In this article, we have tried throwing some light upon the important facets of GST Refund...
Situations Leading to Refund Claims
A claim for a GST refund
may arise in the following situations:
* Refund of IGST paid on a specified class of goods and/or services exported by a specified class of persons.
* Refund of IGST paid on goods and/or services supplied for authorised operations to an SEZ developer/unit by a specified class of persons.
* Refund of unutilised ITC in case of exports or supply to SEZ developer/unit for authorised operations without payment of IGST or in the case of inverted duty structure.
* Refund of taxes paid on the supply of goods considered as deemed exports.
* Refund of any excess balance in the electronic cash ledger after payment of tax dues and other dues payable under the CGST Act or the rules made there under.
* Refund of taxes paid on a supply which is actually not made, either wholly or partially, and for which the invoice hasn’t been issued (tax paid on advance payment).
* Refund of tax wrongly collected and deposited to the Government (i.e., IGST paid by treating the supply as inter-state supply, which is subsequently held as intra-state supply and vice-versa).

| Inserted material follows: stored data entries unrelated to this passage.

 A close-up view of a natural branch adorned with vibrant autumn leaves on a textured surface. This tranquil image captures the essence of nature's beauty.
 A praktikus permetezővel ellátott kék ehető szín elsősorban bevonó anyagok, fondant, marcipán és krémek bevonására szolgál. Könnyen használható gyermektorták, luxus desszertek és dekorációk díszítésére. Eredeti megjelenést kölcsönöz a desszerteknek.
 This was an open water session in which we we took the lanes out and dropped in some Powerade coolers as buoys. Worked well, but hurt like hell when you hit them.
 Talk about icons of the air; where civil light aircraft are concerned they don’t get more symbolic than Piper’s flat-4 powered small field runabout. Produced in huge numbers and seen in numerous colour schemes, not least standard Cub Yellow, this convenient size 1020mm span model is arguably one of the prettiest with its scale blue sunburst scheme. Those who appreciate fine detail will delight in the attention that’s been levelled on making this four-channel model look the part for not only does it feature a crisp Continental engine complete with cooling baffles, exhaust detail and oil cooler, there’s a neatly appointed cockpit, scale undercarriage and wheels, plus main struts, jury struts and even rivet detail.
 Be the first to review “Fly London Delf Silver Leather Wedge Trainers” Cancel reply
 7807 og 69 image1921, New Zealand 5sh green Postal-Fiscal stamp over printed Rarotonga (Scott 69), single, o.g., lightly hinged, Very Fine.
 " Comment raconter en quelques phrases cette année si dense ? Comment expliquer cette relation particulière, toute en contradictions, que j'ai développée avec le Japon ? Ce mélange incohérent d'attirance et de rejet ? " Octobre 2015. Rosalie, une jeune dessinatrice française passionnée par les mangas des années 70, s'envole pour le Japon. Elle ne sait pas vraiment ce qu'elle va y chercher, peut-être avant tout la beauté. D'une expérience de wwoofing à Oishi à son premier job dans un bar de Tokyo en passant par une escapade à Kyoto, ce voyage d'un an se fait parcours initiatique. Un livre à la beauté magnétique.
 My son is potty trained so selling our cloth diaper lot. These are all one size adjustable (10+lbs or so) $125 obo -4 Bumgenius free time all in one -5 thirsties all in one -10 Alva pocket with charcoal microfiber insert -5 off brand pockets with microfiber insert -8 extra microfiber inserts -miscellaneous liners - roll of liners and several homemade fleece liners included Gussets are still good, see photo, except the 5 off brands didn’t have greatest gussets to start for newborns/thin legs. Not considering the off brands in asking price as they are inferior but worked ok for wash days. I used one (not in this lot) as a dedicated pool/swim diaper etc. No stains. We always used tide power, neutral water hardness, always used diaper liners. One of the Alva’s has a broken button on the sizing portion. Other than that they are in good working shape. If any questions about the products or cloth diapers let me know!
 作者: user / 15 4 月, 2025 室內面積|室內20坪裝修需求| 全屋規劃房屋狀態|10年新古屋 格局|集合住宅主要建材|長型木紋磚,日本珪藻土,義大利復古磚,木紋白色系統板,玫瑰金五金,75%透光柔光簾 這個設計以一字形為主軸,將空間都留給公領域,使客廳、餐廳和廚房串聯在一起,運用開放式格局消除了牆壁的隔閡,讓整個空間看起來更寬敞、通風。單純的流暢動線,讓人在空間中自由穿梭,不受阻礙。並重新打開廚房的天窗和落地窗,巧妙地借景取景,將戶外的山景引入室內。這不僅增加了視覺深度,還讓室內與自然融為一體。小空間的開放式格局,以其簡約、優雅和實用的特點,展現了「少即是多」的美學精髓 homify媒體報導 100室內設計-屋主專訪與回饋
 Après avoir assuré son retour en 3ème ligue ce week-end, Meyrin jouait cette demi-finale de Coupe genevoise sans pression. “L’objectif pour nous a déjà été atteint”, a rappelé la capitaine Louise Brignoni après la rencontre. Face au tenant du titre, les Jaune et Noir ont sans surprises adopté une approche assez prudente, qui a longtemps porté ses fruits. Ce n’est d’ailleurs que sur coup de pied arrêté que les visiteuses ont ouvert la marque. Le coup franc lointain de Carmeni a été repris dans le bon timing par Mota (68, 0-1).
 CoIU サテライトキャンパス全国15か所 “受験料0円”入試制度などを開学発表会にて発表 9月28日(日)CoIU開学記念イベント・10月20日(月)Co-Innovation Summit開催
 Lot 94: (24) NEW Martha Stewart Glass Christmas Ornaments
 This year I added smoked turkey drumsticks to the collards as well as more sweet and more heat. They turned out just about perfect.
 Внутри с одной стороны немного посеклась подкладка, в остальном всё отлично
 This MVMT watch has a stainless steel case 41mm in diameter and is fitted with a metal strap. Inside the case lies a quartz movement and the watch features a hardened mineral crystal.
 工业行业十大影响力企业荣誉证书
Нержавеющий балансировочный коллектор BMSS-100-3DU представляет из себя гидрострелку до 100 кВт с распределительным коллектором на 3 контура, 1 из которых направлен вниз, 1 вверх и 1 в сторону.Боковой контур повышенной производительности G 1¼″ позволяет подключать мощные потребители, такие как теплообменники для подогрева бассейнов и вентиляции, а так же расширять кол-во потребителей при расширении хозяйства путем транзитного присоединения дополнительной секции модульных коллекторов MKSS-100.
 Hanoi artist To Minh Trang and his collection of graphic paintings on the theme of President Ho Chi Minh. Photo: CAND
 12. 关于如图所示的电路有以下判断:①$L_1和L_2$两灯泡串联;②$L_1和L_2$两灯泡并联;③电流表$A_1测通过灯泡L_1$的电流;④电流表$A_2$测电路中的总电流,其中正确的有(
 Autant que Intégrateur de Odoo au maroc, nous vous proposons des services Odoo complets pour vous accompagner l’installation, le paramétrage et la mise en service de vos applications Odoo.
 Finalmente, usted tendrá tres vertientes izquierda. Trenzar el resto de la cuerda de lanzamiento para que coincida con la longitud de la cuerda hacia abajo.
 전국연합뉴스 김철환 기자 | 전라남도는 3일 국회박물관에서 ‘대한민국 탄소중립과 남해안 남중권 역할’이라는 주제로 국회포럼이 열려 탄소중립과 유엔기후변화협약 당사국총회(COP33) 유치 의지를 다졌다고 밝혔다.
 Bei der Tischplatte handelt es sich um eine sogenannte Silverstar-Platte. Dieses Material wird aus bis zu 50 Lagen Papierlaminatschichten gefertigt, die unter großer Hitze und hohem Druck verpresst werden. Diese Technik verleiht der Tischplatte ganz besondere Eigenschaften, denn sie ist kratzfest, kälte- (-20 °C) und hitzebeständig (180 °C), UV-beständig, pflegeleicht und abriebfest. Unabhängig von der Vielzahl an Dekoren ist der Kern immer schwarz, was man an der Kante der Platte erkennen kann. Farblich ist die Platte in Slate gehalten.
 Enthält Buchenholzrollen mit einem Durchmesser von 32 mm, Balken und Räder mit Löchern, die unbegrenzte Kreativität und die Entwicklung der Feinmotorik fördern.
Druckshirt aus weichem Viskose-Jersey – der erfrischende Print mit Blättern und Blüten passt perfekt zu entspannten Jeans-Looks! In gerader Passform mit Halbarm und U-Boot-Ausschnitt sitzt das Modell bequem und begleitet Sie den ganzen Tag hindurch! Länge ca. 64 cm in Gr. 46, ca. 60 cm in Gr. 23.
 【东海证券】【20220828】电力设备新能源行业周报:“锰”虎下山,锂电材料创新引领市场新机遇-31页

* Refund of the IGST paid by tourists leaving India on any supply of goods taken out of India by him.
* Tax becoming refundable due to judgment, decree, order or direction of the Appellate Authority, Appellate Tribunal or any Court.
* Any tax becoming refundable to the taxpayer on finalisation of provisional assessment (on account of assessed tax on the final assessment being less than the tax deposited by the taxpayer).
* Refund of taxes paid on purchases made by UN bodies or embassies, etc.
* Refund of taxes to retail outlets established in the departure area of an international airport beyond immigration counters, making a tax-free supply to an outgoing international tourist.
* Refund of advance tax paid by a casual taxable person/Non-resident taxable person.
Excess payment of tax refund in GST
.The list mentioned above is only indicative and not exhaustive.
Application for Claiming Refund
Any person wanting to claim a refund of any tax, interest, penalty, fees or any other amount paid by him has to file an application in Form GST RFD-01
electronically through GST common portal.
However, in the case of export refund under GST, i.e., refund of IGST paid on goods exported out of India, there is no need to furnish Form GST RFD-01 since the shipping bill filed by the exporter is itself considered a refund claim.
Further, a registered person claiming a refund of any balance in the electronic cash ledger may claim such refund through the return filed for the relevant tax period under section 39 in Form GSTR-3/GSTR-4/GSTR-7, as the case may be.However, presently, the application for refund of the balance in the Electronic Cash Ledger is also being filed in Form GST RFD-01. Earlier, Form GST RFD01A
was filed to claim the cash refund in place of Form GST RFD-01.
Time Limit for Claiming Refund
Any person claiming a refund of any tax, interest, if any, paid on such tax or any other amount paid by him shall have to apply for such refund before the expiry of 2 years from the ‘Relevant Date’.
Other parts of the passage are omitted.